Bighorn sheep ewes butting heads in spring |
Last week I spent a little time watching a small band of eight female bighorn sheep, ewes, feeding placidly in a level meadow. The first few snippets of green, spring grass lured the sheep down from the steep, rocky talus slopes where they spend most of their time. They seemed to have no personal space issues or food guarding behaviors that I could detect. Old and young moved along at random intervals, at times feeding within a few inches of each other. All seemed rather peaceful and placid, at least for the first 20 minutes.
Out of nowhere, two ewes suddenly turned and bashed their heads together three times in quick succession. This behavior caught me off guard - I didn't know the females would, at times, act the way that the petulant big-boy rams are famous for. In just a couple of seconds they shattered my peaceful but mistaken impression. I needed to read up on this.
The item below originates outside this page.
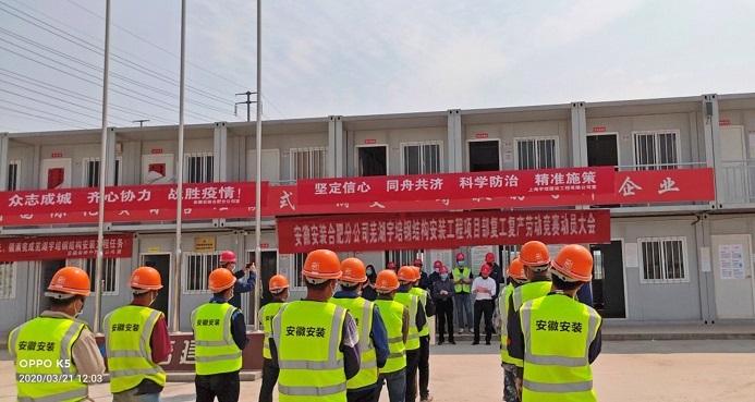 為確保年度各項(xiàng)目目標(biāo)任務(wù)順利完成,貫徹落實(shí)集團(tuán)和安裝公司兩級職代會及疫情防控、復(fù)工復(fù)產(chǎn)工作推進(jìn)會精神,3月21日上午,安徽安裝召開蕪湖宇培裝配生產(chǎn)基地項(xiàng)目“大干90天”勞動競賽動員會。公司黨委書記、董事長胡六中,紀(jì)委書記、工會主席李寬旭,合肥分公司領(lǐng)導(dǎo)班子成員、項(xiàng)目管理人員和施工班組參加了競賽動員會。

Bighorn sheep live in separate groups for most of the year, rams in one herd, adult females and young in a separate herd. Young males live with the females until they're three years old, when they become dominant to the adult females and move over to the big-boy herd.
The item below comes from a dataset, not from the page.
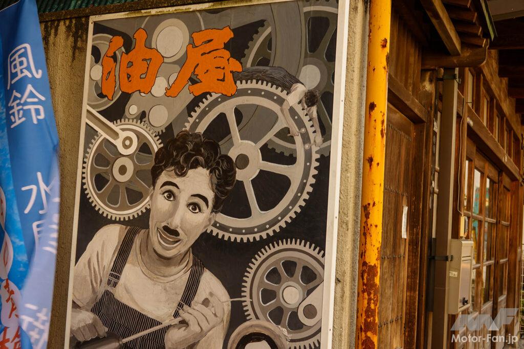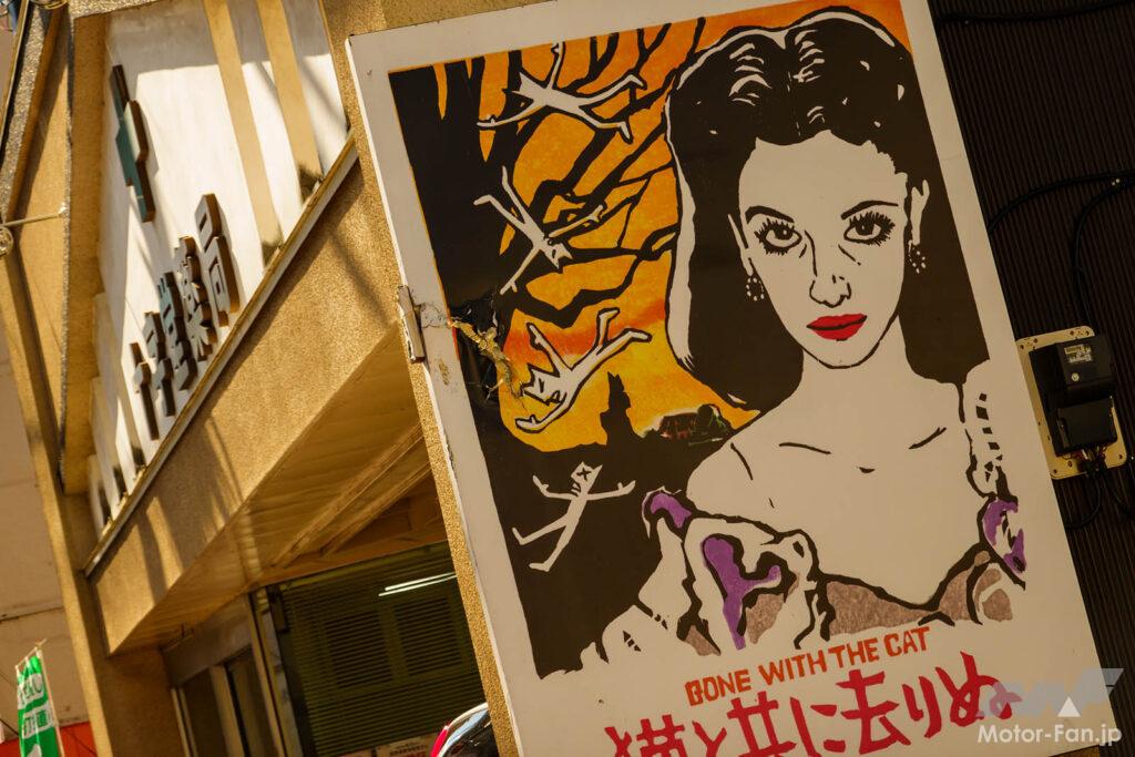 青梅駅前をはじめ、街のいたるところで目にする映画看板。これらの看板の多くは、日本最後の映画完版絵師とよばれる久保板観さんによって描かれました。街中を散策するだけで、昭和30年代にタイムスリップしたような気分に。映画のパロディ作品は学生による制作だそう。

Subordinate ram (left) halfheartedly "pushes" an older, dominate ram |
But what about bighorn dominance and hierarchy within the female herd?
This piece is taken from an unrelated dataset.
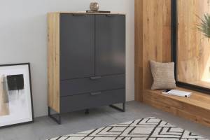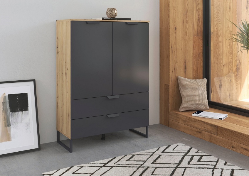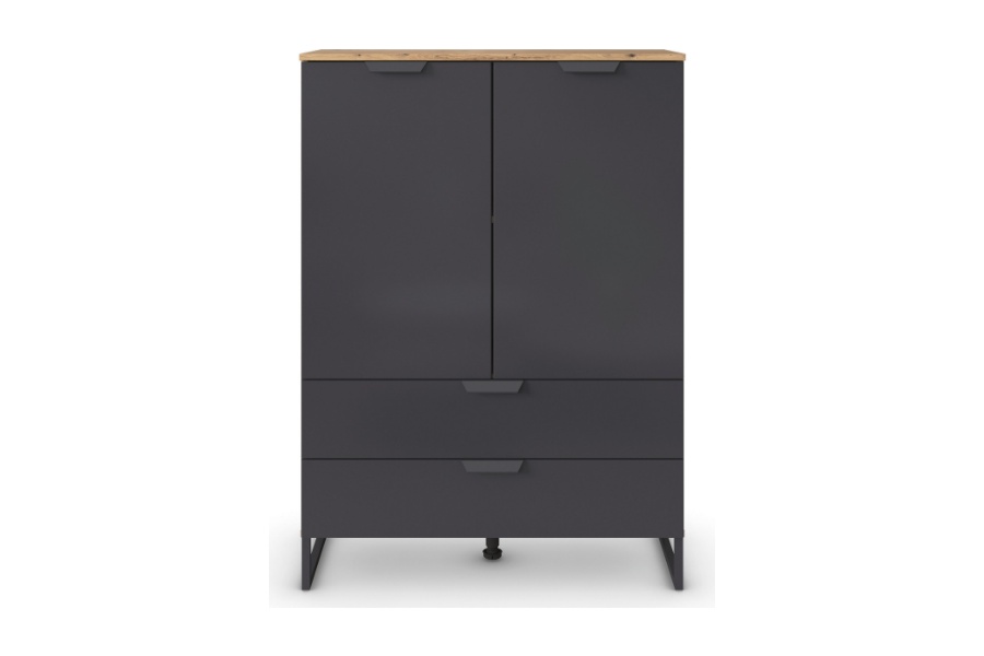 Comoda cu 2 usi si 2 sertare ADITIO 80x113x42cm stejar artisan/ gri metalic

Unlike rams, ewes have a non-linear social hierarchy. Female status is only loosely related to age, while dominance and rank among females is achieved primarily through physical competition. Apparently, female status is open to challenge during any time of the year. The ewe head-butting I witnesses was not the half-hearted, out-of-season, practice head-butting that the younger males tend to try year-round in their all-male herd.
These ewes were serious. Female bighorns have to fight their way to the top. Real life is seldom as peaceful and easy as I keep trying to make it out to be.